When you reach the line containing "- Tartós Mérnöki" in the entries below, begin reproducing lines exactly, and stop once the line containing "Plavecký výcvik žáků" is done.

(Stored items from a collection)

• • •

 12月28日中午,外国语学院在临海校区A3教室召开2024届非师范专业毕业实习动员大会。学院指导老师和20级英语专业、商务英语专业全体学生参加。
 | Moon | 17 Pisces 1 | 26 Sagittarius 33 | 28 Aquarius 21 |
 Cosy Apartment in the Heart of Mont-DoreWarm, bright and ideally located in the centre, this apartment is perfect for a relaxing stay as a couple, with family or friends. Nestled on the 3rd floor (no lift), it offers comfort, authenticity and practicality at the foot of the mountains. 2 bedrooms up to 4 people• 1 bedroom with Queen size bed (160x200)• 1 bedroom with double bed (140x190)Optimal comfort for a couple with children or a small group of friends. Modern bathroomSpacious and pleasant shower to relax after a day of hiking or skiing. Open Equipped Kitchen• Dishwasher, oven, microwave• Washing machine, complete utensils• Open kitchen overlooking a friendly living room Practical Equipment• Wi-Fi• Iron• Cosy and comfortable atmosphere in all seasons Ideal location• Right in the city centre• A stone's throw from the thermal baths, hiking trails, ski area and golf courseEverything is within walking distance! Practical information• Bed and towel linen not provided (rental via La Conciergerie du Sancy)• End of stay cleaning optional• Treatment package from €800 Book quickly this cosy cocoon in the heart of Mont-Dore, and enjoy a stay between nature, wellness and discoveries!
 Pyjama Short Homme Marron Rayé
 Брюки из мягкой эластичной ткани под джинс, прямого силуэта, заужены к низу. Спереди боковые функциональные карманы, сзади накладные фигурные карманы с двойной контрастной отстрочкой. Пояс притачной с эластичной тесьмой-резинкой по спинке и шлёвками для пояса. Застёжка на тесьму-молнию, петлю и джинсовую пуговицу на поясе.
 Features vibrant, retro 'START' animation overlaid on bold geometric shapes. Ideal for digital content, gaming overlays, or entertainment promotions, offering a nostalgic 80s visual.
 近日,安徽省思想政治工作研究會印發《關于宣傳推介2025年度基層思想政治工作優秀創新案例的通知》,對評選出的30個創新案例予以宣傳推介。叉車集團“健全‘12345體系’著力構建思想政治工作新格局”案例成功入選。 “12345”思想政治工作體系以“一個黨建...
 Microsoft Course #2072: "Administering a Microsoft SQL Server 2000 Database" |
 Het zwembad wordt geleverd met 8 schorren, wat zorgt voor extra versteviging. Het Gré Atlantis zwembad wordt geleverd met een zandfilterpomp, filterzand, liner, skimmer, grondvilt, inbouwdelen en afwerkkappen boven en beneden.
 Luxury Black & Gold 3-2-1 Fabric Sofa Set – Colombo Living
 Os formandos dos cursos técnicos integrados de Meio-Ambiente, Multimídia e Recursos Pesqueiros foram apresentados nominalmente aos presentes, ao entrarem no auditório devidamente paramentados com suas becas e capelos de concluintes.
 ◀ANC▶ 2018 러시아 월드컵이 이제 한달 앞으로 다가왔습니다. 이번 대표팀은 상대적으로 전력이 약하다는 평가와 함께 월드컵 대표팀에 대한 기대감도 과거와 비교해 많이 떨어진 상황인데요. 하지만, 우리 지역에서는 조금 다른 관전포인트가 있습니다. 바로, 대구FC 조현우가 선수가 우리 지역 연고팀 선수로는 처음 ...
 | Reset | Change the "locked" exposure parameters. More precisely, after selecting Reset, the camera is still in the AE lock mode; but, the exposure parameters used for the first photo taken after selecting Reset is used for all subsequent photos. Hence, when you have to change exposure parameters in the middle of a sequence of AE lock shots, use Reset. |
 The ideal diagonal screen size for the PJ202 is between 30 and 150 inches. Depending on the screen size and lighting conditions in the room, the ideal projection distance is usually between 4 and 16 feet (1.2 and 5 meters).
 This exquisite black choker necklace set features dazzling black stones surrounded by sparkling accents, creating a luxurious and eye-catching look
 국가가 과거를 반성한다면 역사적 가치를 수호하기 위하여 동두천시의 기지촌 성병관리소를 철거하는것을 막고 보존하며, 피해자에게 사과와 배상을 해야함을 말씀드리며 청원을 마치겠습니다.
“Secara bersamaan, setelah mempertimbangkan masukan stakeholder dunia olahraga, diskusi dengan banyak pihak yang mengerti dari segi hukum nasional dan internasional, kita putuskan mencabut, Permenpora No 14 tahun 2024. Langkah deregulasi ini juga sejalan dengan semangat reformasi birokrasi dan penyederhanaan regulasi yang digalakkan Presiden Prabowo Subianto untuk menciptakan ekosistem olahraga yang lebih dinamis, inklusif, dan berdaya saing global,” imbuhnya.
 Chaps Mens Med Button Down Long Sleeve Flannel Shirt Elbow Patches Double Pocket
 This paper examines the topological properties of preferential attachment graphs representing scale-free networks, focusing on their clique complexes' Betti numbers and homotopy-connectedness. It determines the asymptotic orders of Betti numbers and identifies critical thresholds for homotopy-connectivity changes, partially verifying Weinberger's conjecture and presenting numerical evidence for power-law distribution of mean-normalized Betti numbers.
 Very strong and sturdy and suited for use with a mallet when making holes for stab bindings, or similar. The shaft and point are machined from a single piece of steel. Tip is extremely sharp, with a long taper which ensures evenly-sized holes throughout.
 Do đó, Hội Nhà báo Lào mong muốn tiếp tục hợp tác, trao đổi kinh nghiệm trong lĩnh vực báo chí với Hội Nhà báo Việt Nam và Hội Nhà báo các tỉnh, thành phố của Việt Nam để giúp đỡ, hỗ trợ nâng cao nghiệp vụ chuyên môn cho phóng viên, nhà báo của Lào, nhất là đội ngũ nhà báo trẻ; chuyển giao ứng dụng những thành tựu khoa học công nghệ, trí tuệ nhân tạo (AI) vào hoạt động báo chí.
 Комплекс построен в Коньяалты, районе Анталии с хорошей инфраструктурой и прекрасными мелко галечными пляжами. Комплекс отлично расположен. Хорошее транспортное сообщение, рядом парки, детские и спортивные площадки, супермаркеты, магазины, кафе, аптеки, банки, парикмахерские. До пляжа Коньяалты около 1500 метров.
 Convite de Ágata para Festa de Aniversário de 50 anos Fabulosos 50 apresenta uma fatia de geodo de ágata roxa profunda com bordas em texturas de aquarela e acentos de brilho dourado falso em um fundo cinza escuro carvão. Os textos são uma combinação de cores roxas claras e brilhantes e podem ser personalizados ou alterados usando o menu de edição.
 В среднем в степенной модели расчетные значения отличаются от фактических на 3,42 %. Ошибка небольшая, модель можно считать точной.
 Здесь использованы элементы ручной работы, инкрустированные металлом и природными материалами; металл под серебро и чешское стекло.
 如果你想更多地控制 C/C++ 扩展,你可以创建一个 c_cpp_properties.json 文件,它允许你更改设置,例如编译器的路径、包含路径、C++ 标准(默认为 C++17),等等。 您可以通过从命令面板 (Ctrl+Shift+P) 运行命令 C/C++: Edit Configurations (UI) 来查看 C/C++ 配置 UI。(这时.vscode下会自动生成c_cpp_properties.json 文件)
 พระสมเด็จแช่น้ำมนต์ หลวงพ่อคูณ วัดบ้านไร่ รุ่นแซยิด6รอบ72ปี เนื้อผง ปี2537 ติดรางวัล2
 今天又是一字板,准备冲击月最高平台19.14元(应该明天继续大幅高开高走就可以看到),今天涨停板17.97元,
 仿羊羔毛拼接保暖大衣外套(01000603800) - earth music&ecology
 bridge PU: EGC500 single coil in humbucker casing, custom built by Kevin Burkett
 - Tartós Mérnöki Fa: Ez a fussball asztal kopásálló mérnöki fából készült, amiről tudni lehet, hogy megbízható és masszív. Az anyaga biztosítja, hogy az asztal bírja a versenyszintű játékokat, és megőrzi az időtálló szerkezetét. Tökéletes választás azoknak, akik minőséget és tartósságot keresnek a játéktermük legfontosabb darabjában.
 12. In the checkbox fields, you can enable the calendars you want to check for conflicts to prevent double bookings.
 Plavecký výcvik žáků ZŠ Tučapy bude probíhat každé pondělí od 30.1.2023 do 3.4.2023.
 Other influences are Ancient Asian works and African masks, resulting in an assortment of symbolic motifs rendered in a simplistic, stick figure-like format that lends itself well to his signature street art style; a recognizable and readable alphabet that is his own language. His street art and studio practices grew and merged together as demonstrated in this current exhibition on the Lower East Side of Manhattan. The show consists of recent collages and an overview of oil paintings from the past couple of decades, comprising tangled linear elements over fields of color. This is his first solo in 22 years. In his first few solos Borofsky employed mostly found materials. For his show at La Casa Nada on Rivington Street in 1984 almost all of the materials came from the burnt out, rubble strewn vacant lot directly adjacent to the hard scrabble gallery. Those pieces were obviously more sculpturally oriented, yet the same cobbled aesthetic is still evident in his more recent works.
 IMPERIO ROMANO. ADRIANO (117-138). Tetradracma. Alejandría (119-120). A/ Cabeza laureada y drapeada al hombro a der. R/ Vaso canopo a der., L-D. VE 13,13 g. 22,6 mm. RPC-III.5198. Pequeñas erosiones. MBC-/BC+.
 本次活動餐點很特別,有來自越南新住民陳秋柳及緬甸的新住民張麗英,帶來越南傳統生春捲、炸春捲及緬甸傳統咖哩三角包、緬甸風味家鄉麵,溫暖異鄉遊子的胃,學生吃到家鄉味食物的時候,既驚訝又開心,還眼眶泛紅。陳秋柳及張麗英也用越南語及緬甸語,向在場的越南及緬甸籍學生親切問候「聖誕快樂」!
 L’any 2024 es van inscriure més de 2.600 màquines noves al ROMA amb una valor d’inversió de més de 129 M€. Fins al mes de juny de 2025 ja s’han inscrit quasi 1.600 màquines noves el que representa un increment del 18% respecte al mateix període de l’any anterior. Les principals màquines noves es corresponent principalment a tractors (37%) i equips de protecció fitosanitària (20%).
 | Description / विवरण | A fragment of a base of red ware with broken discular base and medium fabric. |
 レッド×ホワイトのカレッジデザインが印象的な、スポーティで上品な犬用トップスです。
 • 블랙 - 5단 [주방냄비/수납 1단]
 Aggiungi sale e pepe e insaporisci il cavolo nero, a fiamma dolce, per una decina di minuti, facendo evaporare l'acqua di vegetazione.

• • •

Solution:
 - Tartós Mérnöki Fa: Ez a fussball asztal kopásálló mérnöki fából készült, amiről tudni lehet, hogy megbízható és masszív. Az anyaga biztosítja, hogy az asztal bírja a versenyszintű játékokat, és megőrzi az időtálló szerkezetét. Tökéletes választás azoknak, akik minőséget és tartósságot keresnek a játéktermük legfontosabb darabjában.
 12. In the checkbox fields, you can enable the calendars you want to check for conflicts to prevent double bookings.
 Plavecký výcvik žáků ZŠ Tučapy bude probíhat každé pondělí od 30.1.2023 do 3.4.2023.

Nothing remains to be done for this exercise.